After a week of immersion language class here in Guatemala, vocabulary words are flying around in my head like bats at twilight. They swoop through my dreams. I find myself muttering them as I scurry through the rain but, for the most part, they escape meaning. So, I wrote a poem with some of the peskier ones. I broke one of my cardinal rules against using words that have been drained and destroyed by overuse (moon) plus my Spanish lacks rhythm, but what the hell? This is an emergency situation.

Los Viajeros

La ruta es larga.
El dia es corto.
La noche es
ruidosa y calor.
Estoy afuera
con la luna.
La ruta es angosta.
El cielo es ancho.

asha


Translation:

The Travelers

The road is long.
The day is short.
The night is
noisy and hot.
I am outside
with the moon.
The road is narrow.
The sky is wide.

Also posted on my poetry blog.


23/09/2008

Cat school


Antigua, Guatemala. This morning before dawn, through the rain, we were greatly relieved to hear little Pepe crowing. We missed hearing him for a couple of days and feared that he might have ended up as Sunday dinner. We have bonded with him over the roof tops even though it is a bit of a drag that sometimes he crows at midnight. But, he´s not an ambitious rooster. One round or two at the most, and he´s done.

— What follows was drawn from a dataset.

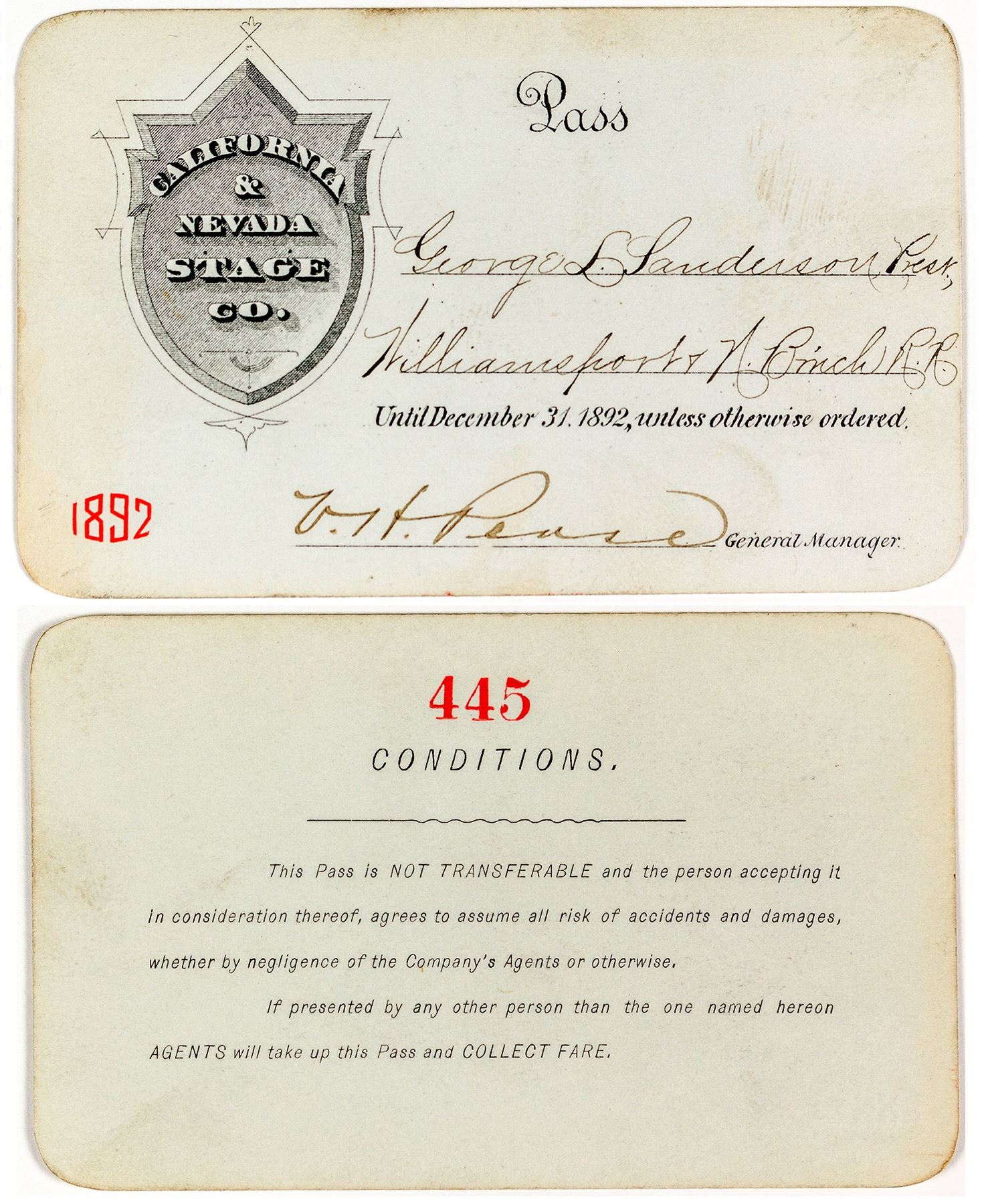 No. 445, issued for 1892 to George Sanderson, president of the Williamsport & North Branch Railroad. Signed by V.H. Pease as general manager. Ornate logo. Printed on cardstock. Minor wear. Information on this stage was very hard to find. However, V.H. Pease was also the general manager of the Nevada Stage Company which operated in California and offered trips to Yosemite in the 1880s via Sonora, Columbia, Milton and Chinese Camp. It is likely that the California & Nevada Stage Company is the later incarnation. We find V. H. Pease applying for and winning mail routes all over the West from 1882 to 1886. These include: Reno to Susanville, Eureka to Diamond (Agent), Bullionville to St. Thomas (Agent), Austin to Grantville (Agent), Sodaville to Belmont, Pioche to Taylor via Royal City, Tybo to Tem Piute via Reveille, etc. Additional routes and history are included. (Prag Collection) State: Nevada City: Carson City, Ormsby Date: HWAC# 99439

Otherwise, we started school yesterday and my brain is already looking for an escape. Immersion is just that... tossed in the deep end. Sink or swim. I have pages of notes. This morning I practiced counting to twenty. Also, I am supposed to study lists of opposites, hot/cold etc. We are doing the afternoon session and school starts in one hour. I´m console myself that we are signed up for one week only.

It is good to be away from the incessant election news. I haven´t read a Huffpo headline for over a day. It is all very far away which is an immense relief. I am thinking about it now but mostly I have been focusing on the endless rain, on how incredibly terrible our shower is and where to get another cup of coffee. I bought my first cup on my own this morning and managed to communicate with the barrister without embarrassing myself too much. Cranking up my brain to study is another thing altogether. M. Lee, of course, can simply sit down and study... silently. A+ student, doncha know. I, on the other hand, have to walk and repeat things out loud and constantly call my mind back to the point. It is, at best, like herding the proverbial herd of cats, but in my case they are very bad, very tough street cats.